XML 26 R16.htm IDEA: XBRL DOCUMENT v3.21.2
NOTES PAYABLE
9 Months Ended
Sep. 30, 2021
Notes Payable  
NOTES PAYABLE

 

NOTE 10. NOTES PAYABLE

 

The following tables set forth the components of the Company’s notes payable as of September 30, 2021 and December 31, 2020: 

          
   September 30,
2021
   December 31,
2020
 
Principal value of Promissory Note  $8,184,654   $8,977,721 
Loan discounts   (62,203)   (248,972)
Promissory Note, long term net of discount  $8,122,451   $8,728,749 

 

Pursuant to the terms of the Securities Purchase Agreement with AMS, the Company issued a non-interest-bearing CAD $10,000,000 ($7,330,000 USD) promissory note secured only by the shares acquired in AMS. Principal payments under the Promissory Note are due quarterly commencing upon AMS receiving a license to cultivate and are computed based upon 50% of AMS' cash flow, defined as EBITDA less all capital expenditures, taxes incurred, non-recurring items, and other non-cash items for the relevant fiscal quarter, including the servicing of all senior debt payment obligations of the Company.
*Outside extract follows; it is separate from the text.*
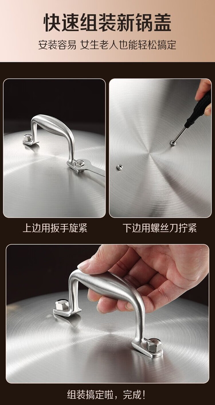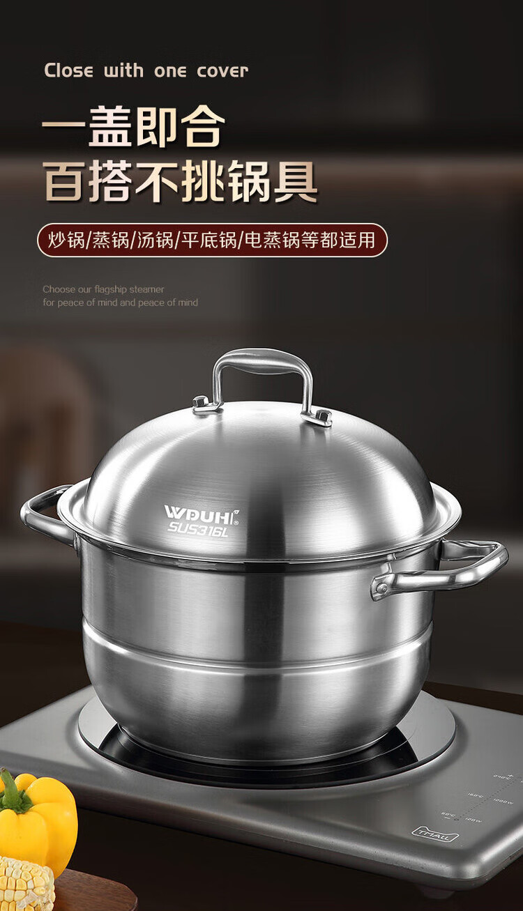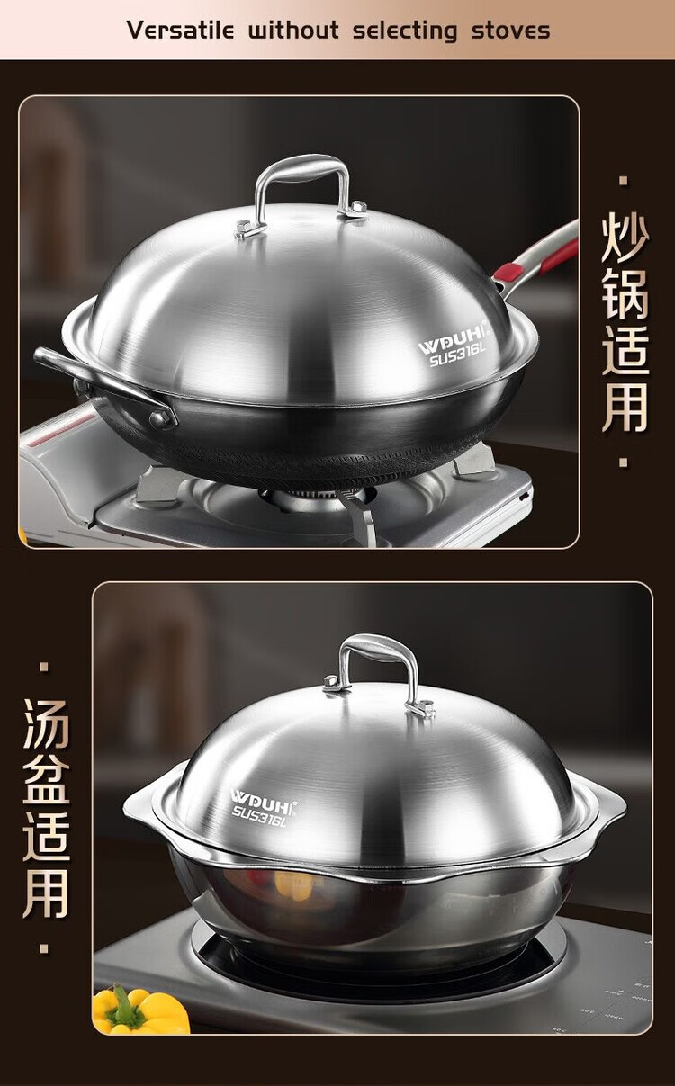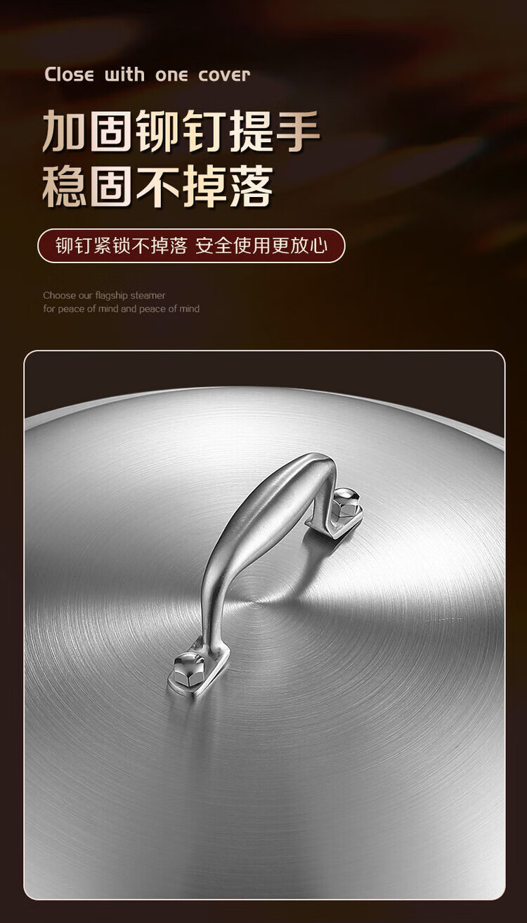 Yili rural large pot lid high arch pot lid 316L stainless steel household universal 32cm wok round lid universal steamer 316 steel inner diameter 38CM outer diameter 40CM

The Promissory Note matures the earlier of two years from the date AMS receives a license to cultivate, or December 31, 2021. Since AMS had not received its cultivation license as of December 31, 2020, the Note Payable will have a maturity date of December 31, 2021.

 

The Company performed a valuation study as part of the AMS acquisition. The valuation study determined that the Promissory Note should be valued at $6,632,917 since it was non-interest bearing. As a result, the Company recorded a note discount of $697,083. The note discount will be amortized to interest expense over the three-year term of the Promissory Note. During the nine months ended September 30, 2021, the Company has recorded $186,610 in amortization expense related to this note discount.

 

On July 3, 2019, the Company entered into a 12% $1,000,000 Loan Agreement with Koze Investments LLC (“Koze”), payable in full on June 28, 2020. Under the terms of the 12% Note, Koze took a first security interest against the Company’s Hanover, Ontario cannabis facility in progress and required the Company to pay off its existing mortgage of approximately $650,000 CAD. Additionally, the Company agreed to pay a 3% origination fee, prepay the year of interest ($60,000) and to issue to Koze five-year warrants to purchase 1,001,000 shares of the Company’s Common Stock at an exercise price of $1.00 per share. After paying the origination fees, the prepayment and paying off the original mortgage, the Company used a portion of the remaining proceeds as payment against the SMI purchase price of CAD $1,000,000. During the period ended December 31, 2020, the Company recorded an additional amount of $890,570 relating to penalties for late payment. On July 9, 2021, the Company closed the sale of the Hanover property and used the proceeds from the sale to repay this note in full. The note was repaid for $1,600,000 which included the original principal of $1,000,000, accrued interest of $124,735 and penalties of $475,265. This mortgage has now been discharged.

 

On April 21, 2020, the Company received a loan from the Government of Canada under the Canada Emergency Business Account program (CEBA). This loan was in the amount of $40,000 CAD (USD $29,352). These funds are interest-free until December 31, 2022, at which time the remaining balance will convert to a 3-year term loan at an interest rate of 5% per annum. An additional amount of $20,000 CAD (USD $15,708) was received on December 29, 2020. If the Company repays the loan prior to December 31, 2022, there will be loan forgiveness of 33% or $20,000 CAD.

 

During the nine months ended September 30, 2021, the Company entered into Note Agreements with secured investors amounting to $238,560. These notes are non-interest bearing and mature in 12 months. Repayment includes principal amount plus $50,000 CAD settlement cash fee plus 58,140 Common Shares at $0.43 per share plus 59,524 Common Shares at $0.42 per share. These notes are secured by a General Security Agreement over all present and after acquired property, assets, and undertakings.